In 1974, he became the first relief pitcher in MLB to earn a $100,000 a year. But his season was nothing to write home about - he had just 12 saves and a 3.32 ERA, though he worked over 105 innings, his Pirate high. The Pirates won the division again, but lost the championship series to the Dodgers.

Giusti had elbow surgery after the year. 1975 was his last season as the Bucs' undisputed closer, as he put up 17 saves with a 2.95 ERA. It was disappointing to the Pirates, too - they won another division crown, but were swept by their nemesis, the Cincy Reds.

Giusti's last year with the Pittsburgh Pirates was 1976. Bob Moose had become the closer, and Teke was lurking in the bullpen, a couple of seasons from claiming the job for himself. He finished with just six saves, third on the team, and a 4.35 ERA. Pittsburgh finished second with 92 wins, but nine games shy of the Phillies.

That year, an Esquire magazine article by sportswriter Harry Stein named Giusti as the relief pitcher on his all-Italian team. Nothing like being recognized as the bullpen capo di tutti capi of Lo Stivale, hey?

Giusti was dealt to the Oakland A’s with Doc Medich, Doug Bair, Dave Langford, Tony Armas and Mitchell Page for Phil Garner, Tommy Helms and Chris Batton on March 15, 1977.

He was 47-28 with a 2.94 ERA and 133 saves in his seven years as a Pirate. ElRoy Face (188), Kent Tekulve (158), and Mike Williams (140) are the only Bucs with more career saves than Giusti.

Giusti put together a slate of 3-3 with 2.98 ERA and six saves in 40 games for the A’s, but they sold him to the Chicago Cubs in August. He appeared in 20 games for Chi-town, with an 0-2 record, 6.04 ERA and one save - the 145th of his career. At the end of the season, the Cubs gave Giusti his unconditional release, and he retired.

He left the show with 15 big league seasons under his belt and a record of 100-93 and an ERA of 3.60 to go along with his 145 saves.

After his baseball career, Giusti went to work as a salesman for Jack Piatt at Millcraft Industries, steel fabricators who are now rebuilding downtown. He made sales calls around the area from 1978 to 1981. He moved on to American Express as a corporate sales manager before retiring in 1994.

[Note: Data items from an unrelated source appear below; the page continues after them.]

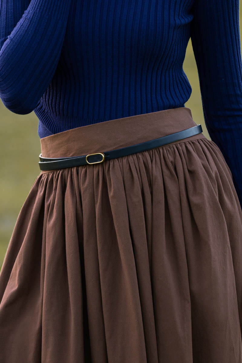 Yüksek Bel Pamuk Etek Kahverengi, doğal dokusu ve konforlu kesimiyle günlük kombinlerinize zarif bir dokunuş katar. Yüksek bel formu ve büzgülü tasarımı sayesinde feminen bir siluet oluştururken, uzun boyu ile hem klasik hem de modern kombinlerde kullanılabilir.
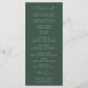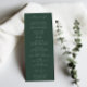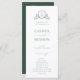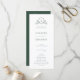 BRUNSWICK CREST, programme de mariage. Caractéristiques, élégante typographie verte et verdure botanique et crête fleurie sur le devant avec typographie blanche et couleur arrière - plan verte sur le dos.
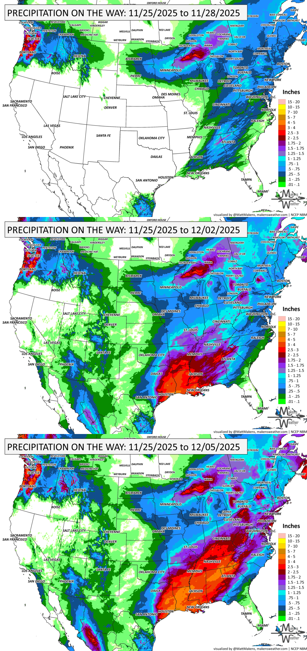 Thursday (Nov 27, Thanksgiving Day): Snow continues around the Great Lakes and Quebec. A strong cold front sweeps east with windy, colder conditions.
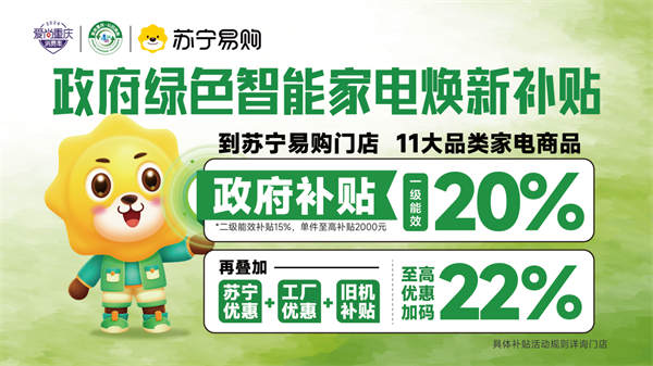 重慶蘇寧推出綠色智能家電補貼政策 最高享20%政府補貼
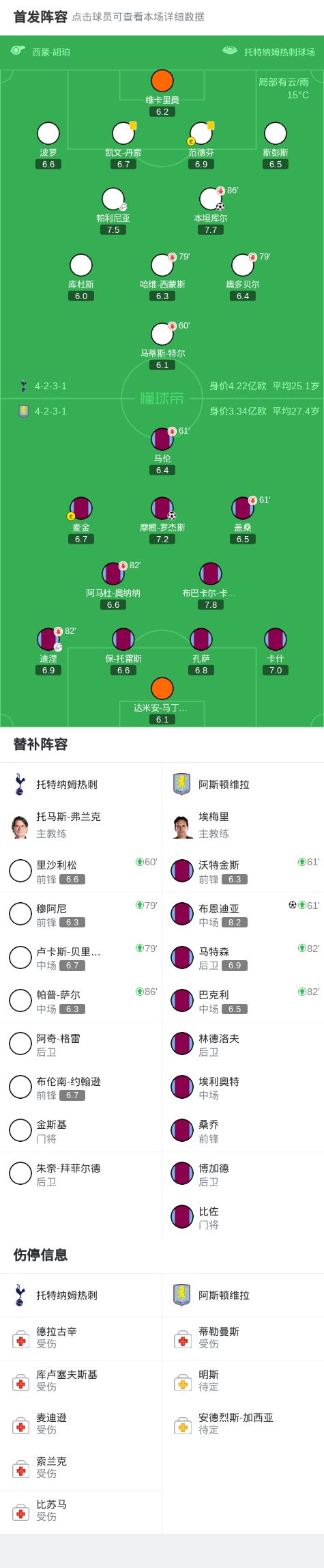 第78分钟,布恩迪亚远射破门,维拉2-1反超热刺
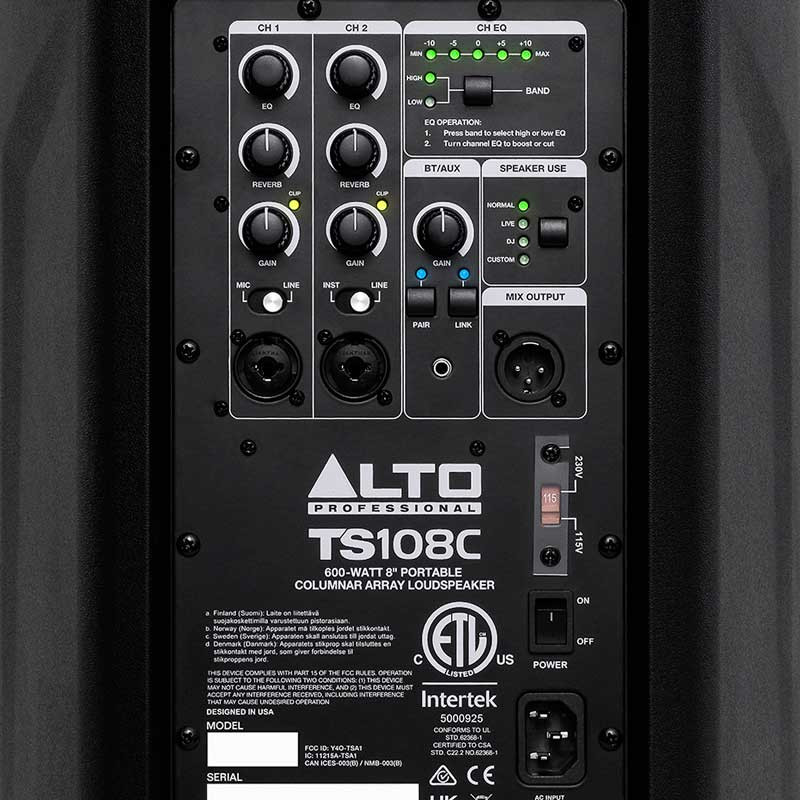 Altavoz PA de columna portátil de 600 W con DSP y Bluetooth Alto TS108C
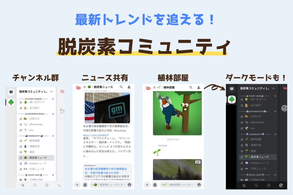 運営メンバーを中心にニュースのシェアを行うと共に、脱炭素に関連するニュースを自動でピックアップし、ご紹介するチャンネルがございます。
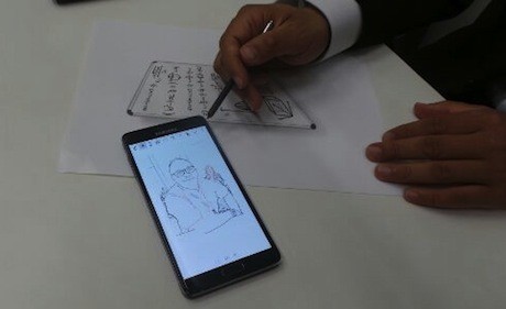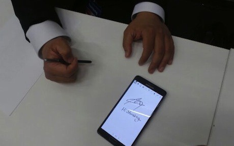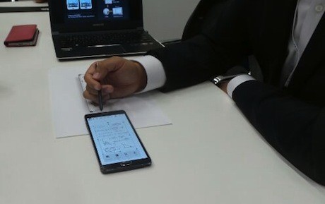 Saat diperagakan, sebuah tulisan di kertas dengan Galaxy Note 4. Kemudian setelah difoto, dengan mudah tulisan di kertas itu diproses menjadi tulisan di note Anda.
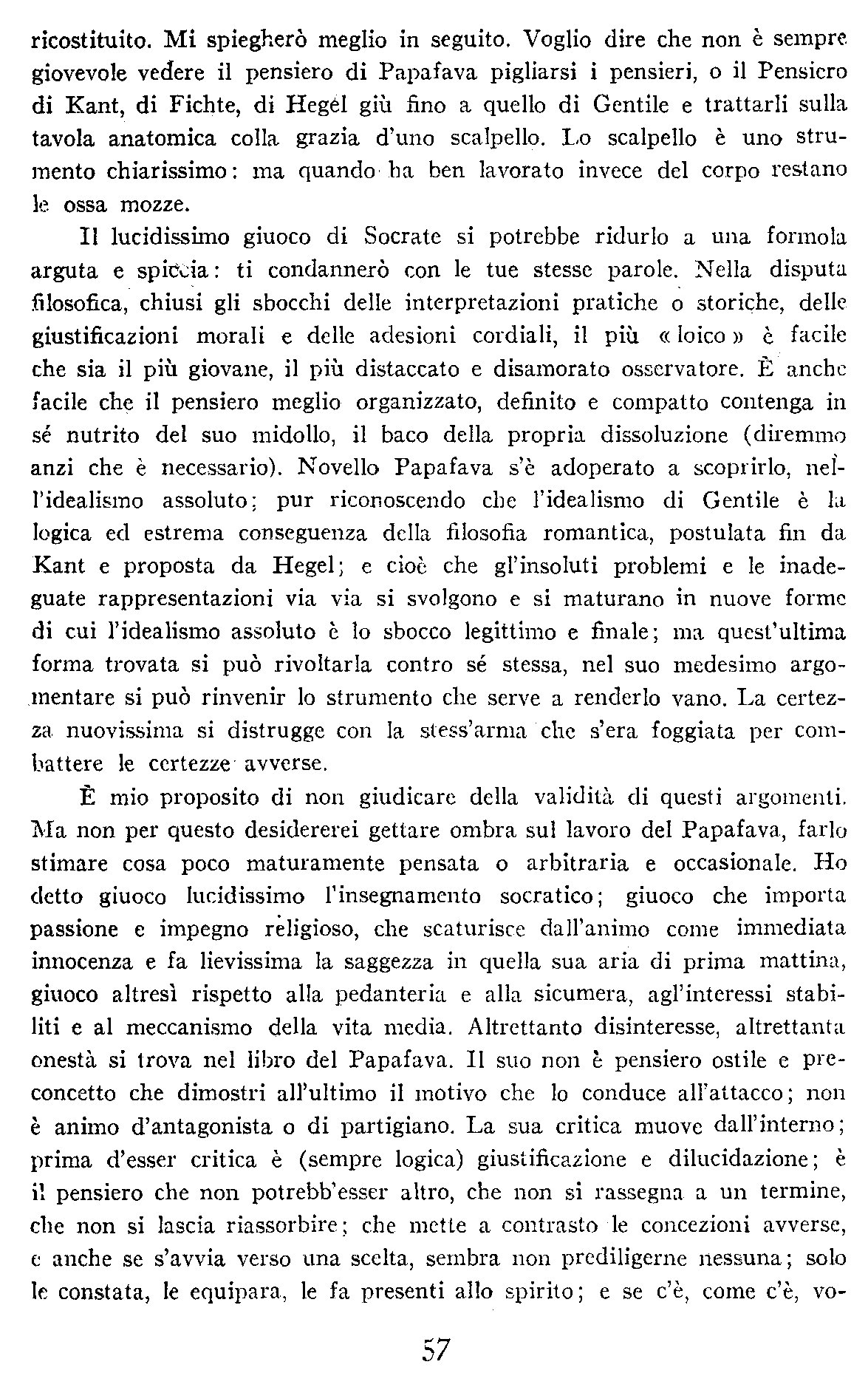Novello Papafava, L'idealismo assoluto (considerazioni)
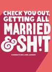 Grappige felicitatiekaart met aanpasbare naam en de tekst: Check you out, getting all married & shit.
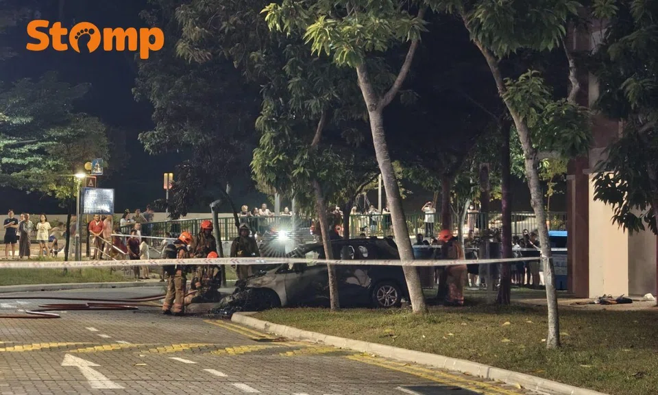 Des also shared a photo of the aftermath of the fire, which was taken close to the site, showing SCDF firefighters surrounding a car. Its hood and bumper appear to be burnt and damaged.

Giusti and his college sweetheart wife Ginny live in Upper St. Clair, near his bud and former Pirate roommate Steve Blass. The couple have two daughters, Laura and Cynthia, along with four granddaughters. He also serves as the vice president of the Pirates Alumni Association. Giusti's hobbies are cooking, golf, traveling, and the grandpap gig.

The Pirate world champs in GW's lifetime all had great closers - ElRoy Face, Dave Giusti, and Kent Tekulve. So when the discussion of all time closers pops up, don't forget Giusti. He was as good as they came in his era.